Background Patients with symptoms suggestive of gastroparesis exhibit several symptoms, such as epigastric pain, postprandial fullness, bloating and regurgitation. It is uncertain if such symptoms reflect underlying oesophageal motor disorder.

Aims To examine whether patients with epigastric pain and postprandial distress syndrome suggestive of functional dyspepsia and/or gastroparesis also have concomitant oesophageal motility abnormalities and, if so, whether there are any associations between these disturbances.

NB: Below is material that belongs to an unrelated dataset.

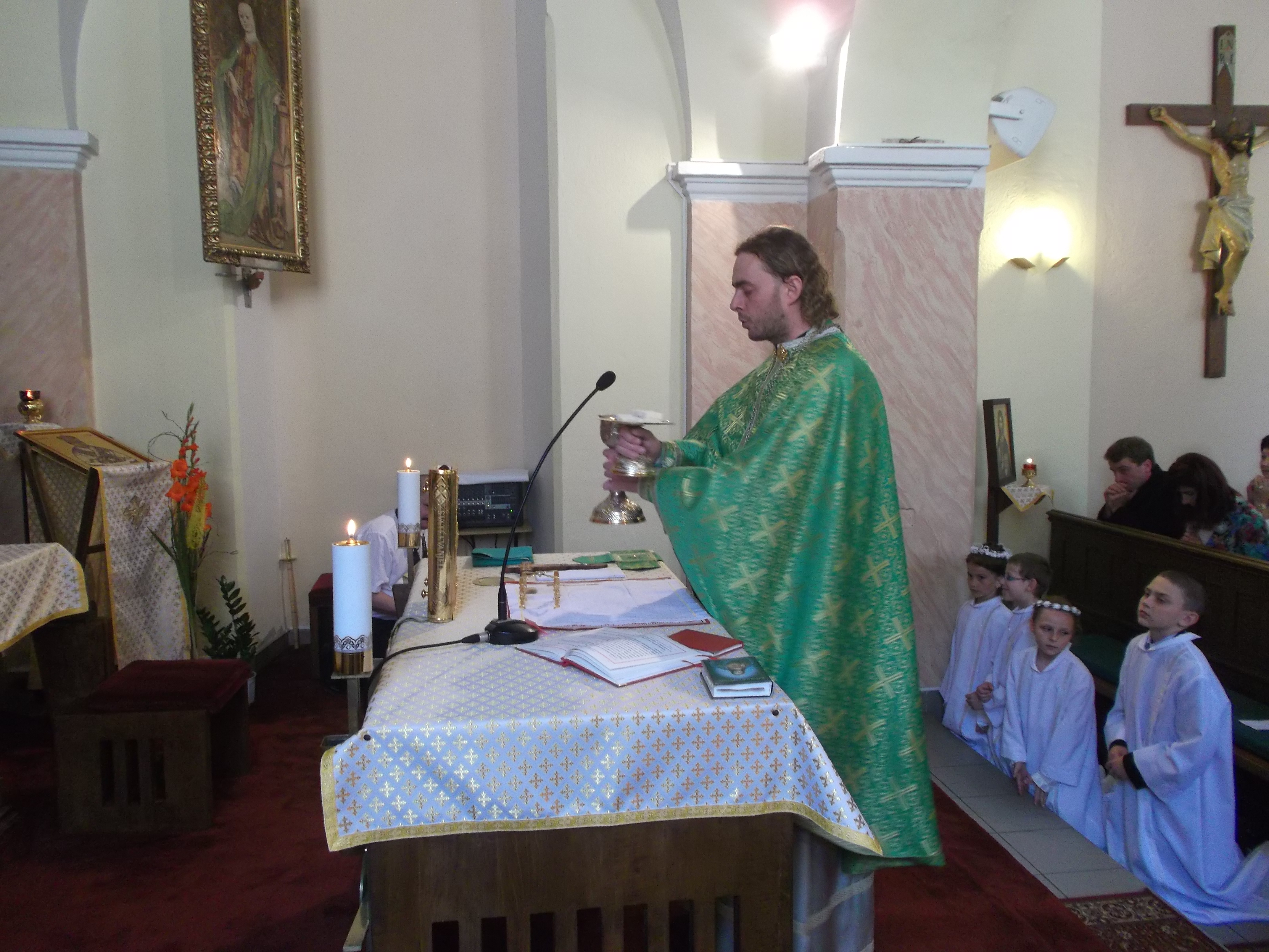 Táto naša odpustová slávnosť je umocnená slávnosťou detí našej farnosti – prvej sv. spovede a prijatím tajomstva Najsv. Eucharistie. Skoro všetci, ste boli pokrstení v tejto farskej rodine. Dnes k sviatostiam iniciacie – čiže krstu, myropomazania a Eucharistie sa pridáva ďalšia sviatosť – pokánia. Sviatosť ktorá sprostredkúva jednotu človeka s Bohom, ktorá sa narúša našou slabosťou a hriechom. Je to viac ako symbolické, že túto sviatosť prijímate v deň, kedy cirkev slávi svojho patróna bl Vasiľa – ako mučeníka jednoty.

Methods In this retrospective cohort study, consecutive patients with functional gastrointestinal symptoms suggestive of gastric neuromuscular dysfunction (gastroparesis or functional dyspepsia) underwent clinical assessment, gastric scintigraphy, oesophageal high-resolution manometry and ambulatory pH monitoring using standard protocols.

Results We studied 61 patients with various functional upper gastrointestinal symptoms who underwent gastric scintigraphy, oesophageal high-resolution manometry and ambulatory pH monitoring. Forty-four patients exhibited gastroparesis by gastric scintigraphy. Oesophageal motility disorders were found in 68% and 42% of patients with or without scintigraphic evidence of gastroparesis respectively, suggesting of overlapping gastric and oesophageal neuromuscular disorder. Forty-three per cent of patients with gastroparesis had abnormal oesophageal acid exposure with mean % pH <4.0 of 7.5 in contrast to 38% of those symptomatic controls with normal gastric emptying, with mean %pH <4.0 of 5.4 (NS). Symptoms of epigastric pain, heartburn/regurgitation, bloating, nausea, vomiting, dysphagia, belching and weight loss could not distinguish patients with or without gastroparesis, although weight loss was significantly more prevalent and severe (p<0.002) in patients with gastroparesis. There was no relationship between oesophageal symptoms and motor or pH abnormalities in either groups.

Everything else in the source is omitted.